Each January, the wine trade and press clamour to tastings of the very latest Burgundy vintage. These ‘en primeur’ tastings feature the barely finished wines from the harvest 14 or 15 months earlier, which have not yet been shipped. Advance orders will be placed and reviews will emerge. The cult producers and biggest names will sell out long before ordinary wine lovers have a chance taste or buy their wines. Prices can be stratospheric too – the 2016 vintage of the top wine from Burgundy’s elite Domaine de la Romanée-Conti is selling for around £25,000. Per bottle. Yes, you read that right.

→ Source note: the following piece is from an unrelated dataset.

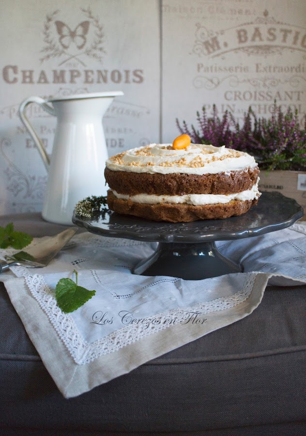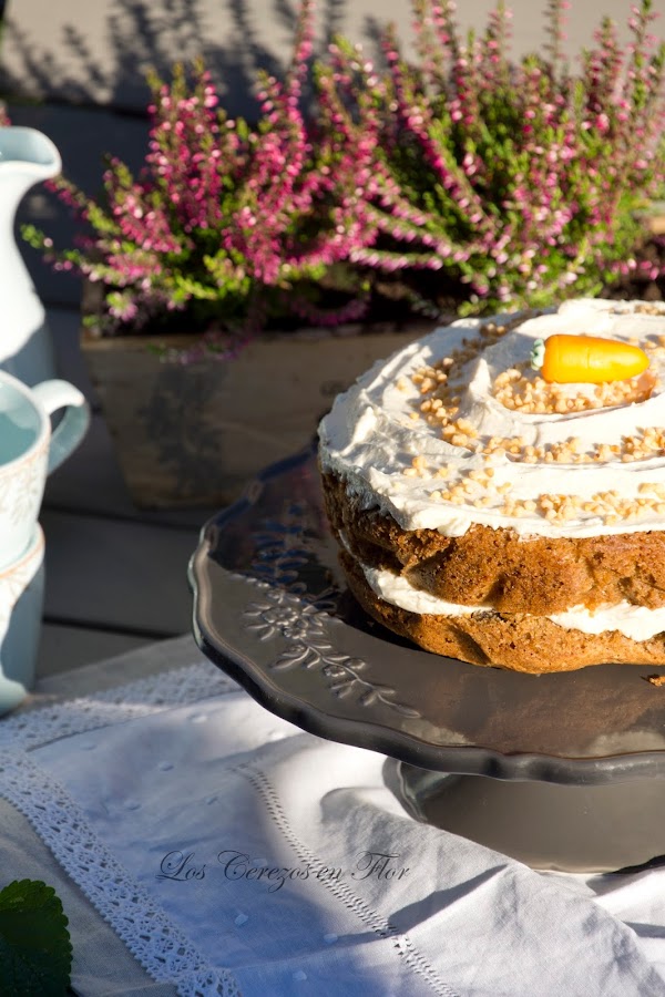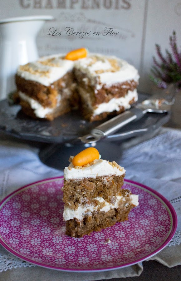 Este mes el chef propuesto es el desaparecido gran comunicador y cocinero Darío Barrio. La primera vez que lo vi fue en el programa matinal que presentaba la fallecida y gran periodista Concha García Campoy. Darío preparaba una receta diaria y me encantaba, primero como se expresaba y segundo la manera tan fantástica de presentar los platos, tenía un gusto exquisito. Mira que siempre he dicho que según que alimentos los mires por donde los mires son horrorosamente feos para fotografiar, pero él con sus toques de color, al salsear y el modo de colocarlos en el plato los dejaba perfectos para que el pollo se levantara del plato, se colgara el bolso y se fuera de marcha con un estilazo bestial. Luego me enganché al programa "Todos contra el chef". Me hacía mucha gracia cuando él no ganaba jajajaja, ponía una cara!! Si hubiera tenido tiempo me hubiera encantado hacer dos recetas en vez de una, porque realmente me ha resultado difícil elegir ya que todas me parecían buenísimas. Mis hijos desde el pasado jueves por la tarde están ya de vacaciones ( aleluya!!!! podré dormir durante dos semanas y olvidarme del despertador y de los deberes, y de limpiar camisetas y chándals y de preparar la merienda para el cole y....podré quedarme hasta tarde viendo la tele jajajajaja) así que el fin de semana hemos aprovechado para irnos fuera. Por eso hoy sólo os traigo un maravilloso Carrot Cake. Le vi prepararlo hace ya bastantes años en el programa Chocolateando de Canal Cocina que Darío presentaba. La receta es algo diferente pensando que quizá alguien más la haya podido preparar, por ello os traigo mi preferida que encontré en éste blog. Tengo que aprovechar que mi hija adora las zanahorias para meterlas en donde haga falta. Además que es el típico cake que me huele a otoño, a tierra mojada, a hojas secas en el suelo, a los días más cortos, a esos colores ocres de los árboles, a chimenea encendida...vamos, lo que vienen siendo el asqueroso fresquito. Ya he cagao el relato tan bucólico pastoril que estaba escribiendo jajajajaja, si es que no tengo remedio. Me quiero poner *fisna* pero enseguida me entra el ramalazo brutote. Pero mejor así, llevo unos días con un poquito de bajón bloggero, supongo que eso es normal después de tanto tiempo y necesito sacar mi lado bruto para reírme de mi misma y dejar las tristezas para cuando vea una peli de esas romanticonas que tanto me gustan. Siiiii, lo reconozco soy una fanática de las películas tontonas, de esas en las que los protagonistas se dan un golpe mientras caminan en una ciudad de dos millones de personas y de pronto hay una mirada, un flechazo y después dos horas de tonteo gracioso en la pantalla mientras lo acompaño de un delicioso carrot cake y un café bien calentito. Veis como ya os he metido un buen momento para tomar y disfrutar éste delicioso pastel? Jajajaja, si es que es bueno para desayunar, a media mañana cuando te entra el gurrigurri ese raro en el estómago, para merendar y antes de dormir. Y sabéis cuando va de maravilla éste cake? Pues para llevarlo a casa de una buena amiga y pasar una tarde de risas y confidencias. Así que con vuestro permiso yo quisiera compartir el mío con una amiga que quiero con locura y que la encuentro muchísimo a faltar y que además me dijo el otro día que tenía antojo de Carrot Cake!!!! Si es que me lee la mente mi Maragda, la búlgara cafeolé más guapa del mundo mundial! Nos ponemos a cocinar?

Cadman Fine Wines specialises in the classic regions of Europe, and while it does sell some of those superstar Burgundy wines costing hundreds of pounds, it also has a really strong portfolio of more affordable examples, and unlike those en primeurs, they are bottled, on the shelf, and ready to be delivered. I have tasted a selection of fantastic Chablis Premier Cru wines from Domaine Fourrey, all selling for under £20, and will report on those soon, but meanwhile, Cadman sent me a tasting selection from one of their other favourite producers, Pierre Bourée Fils.

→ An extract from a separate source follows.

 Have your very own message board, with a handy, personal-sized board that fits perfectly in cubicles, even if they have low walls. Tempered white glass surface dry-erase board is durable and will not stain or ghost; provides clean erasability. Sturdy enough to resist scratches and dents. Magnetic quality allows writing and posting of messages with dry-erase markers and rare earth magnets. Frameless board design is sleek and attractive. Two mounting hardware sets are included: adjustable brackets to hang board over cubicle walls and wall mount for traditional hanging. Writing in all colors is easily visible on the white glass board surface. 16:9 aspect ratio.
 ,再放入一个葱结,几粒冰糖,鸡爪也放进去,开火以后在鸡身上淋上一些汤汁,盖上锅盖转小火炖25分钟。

Pierre Bourée was established in Gevery-Chambertin way back in 1864, as both Burgundy négociant, vinifying parcels of grapes from a family of growers, and making estate wines from their own holdings in Charmes Chambertin, Gevrey-Chambertin and Beaune. Today, brothers Bernard and Jean-Christophe Vallet run the house alongside their sons, Pierre and Louis Henry. They produce traditional Burgundy wines focused on balance and finesse rather than power.
Though not fully organic, the brothers work in an environmentally friendly way, maintaining the soil by ploughing rather than chemical treatments, and controlling of vine vigour and yields through careful pruning. Only manure has been used as fertiliser for the last half a century, with again no synthetic fertilisers. All harvesting is manual.

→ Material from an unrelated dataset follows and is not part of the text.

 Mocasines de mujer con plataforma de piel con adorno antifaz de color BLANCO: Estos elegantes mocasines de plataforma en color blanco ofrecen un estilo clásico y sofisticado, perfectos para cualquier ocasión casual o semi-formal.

In the cellar, a sorting table is used to control the quality of the fruit as it arrives, and only wild indigenous yeasts are used for fermentation. In a deeply traditional method, grapes are foot-trodden, and ferments take place in wooden foudres, before maturation in smaller oak casks. Red wines stay a maximum of two years in cask before being bottled, while white wines spend 14 to 16 months in oak.
This is a delightful set of authentic wines, as well-made and delicious as you could hope for, from a domaine that sits slightly under the radar. That means prices are moderate and the wines are actually available to buy unlike more cult names of the region, which is good news for Burgundy lovers indeed.